To drive this point home, the campaign put forth statistics about plastic consumption using easily recognisable household objects like credit cards, combs and pens.
“The key for us was to shift the conversation from an environmental crisis to a personal health crisis – it’s not happening to ‘the world’ that you can close the door on, it is happening to you; and you can’t avoid it,” Graham Drew, Grey Malaysia executive creative director, says and adds:
“Credit to WWF: they were insistent that they didn’t want yet another scare tactic campaign. They gave us the outline findings, but microplastics are abstract. While 100,000 sounds big, it’s hard to relate too. So that led us to quantifying it to weights and then to everyday items.”
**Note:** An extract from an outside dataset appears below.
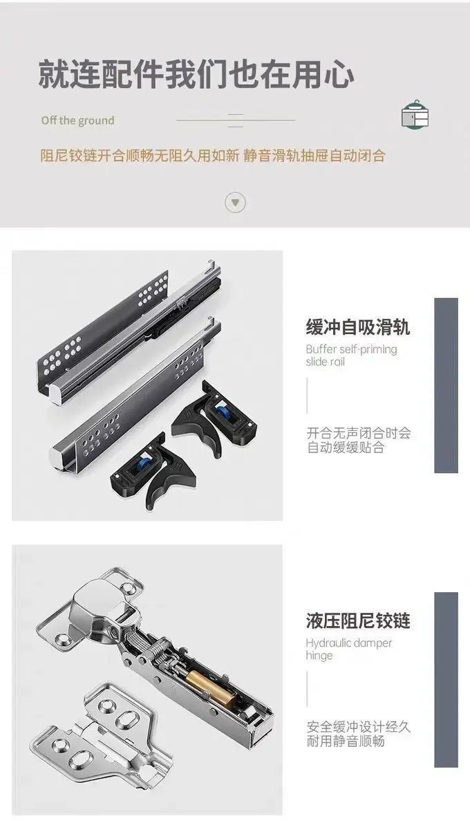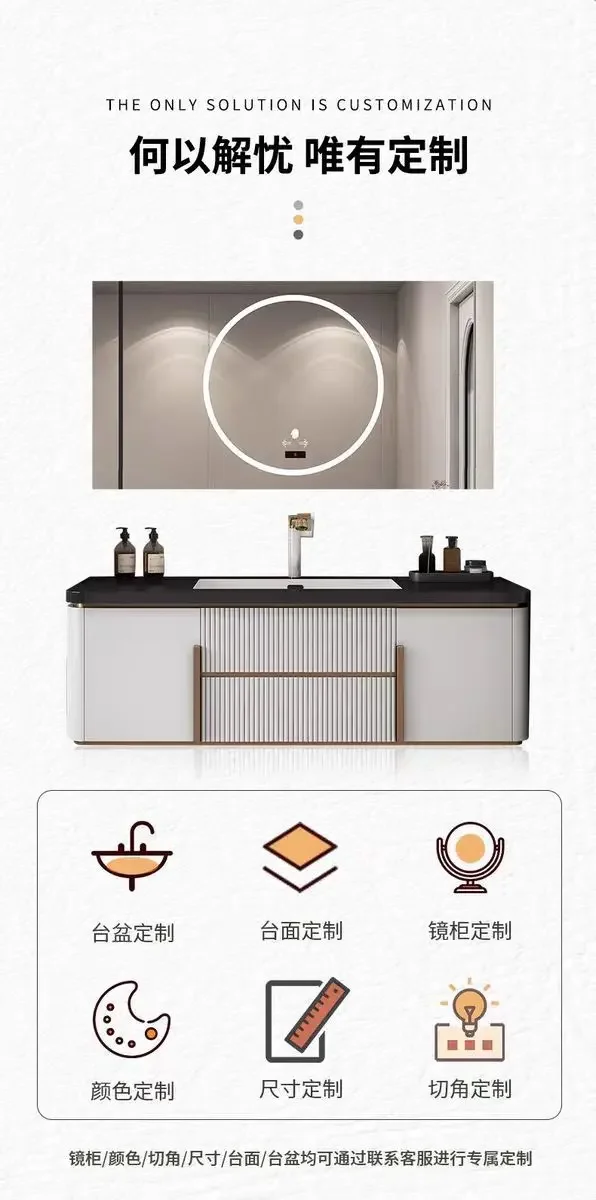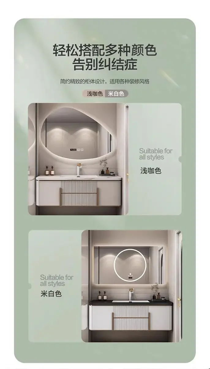 The cabinet body can be selected in white or off white, and the rock board top can be selected in white or black. By default, a combination of off white cabinet body and white rock board is sent

“I fell for the headline of ‘you eat a credit card a week’ – it’s such a powerful line. From then, we took a very pragmatic approach to the art direction and tone – the facts are disruptive enough. This is ‘Your Plastic Diet’ and we are all on it, whether we like it or not.
WWF international director general Marco Lambertini said: “These findings must serve as a wake-up call to governments. Global action is urgent and essential to tackling this. While research is investigating potential negative effects of plastic on human health, we are all clear that this is a worldwide problem that can only be solved by addressing the root cause of plastic pollution.”
Furthermore Lambertini points out that “If we don’t want plastic in our bodies, we need to stop the millions of tons of plastic that continue leaking into nature every year. In order to tackle the plastic crisis, we need urgent action at government, business and consumer levels, and a global treaty with global targets to address plastic pollution.”
A website has also been set up to allow people to take a test based on their individual diet, and use the study findings to determine their likely personal weekly plastic consumption.
The campaign will run worldwide and across television, digital and outdoor media.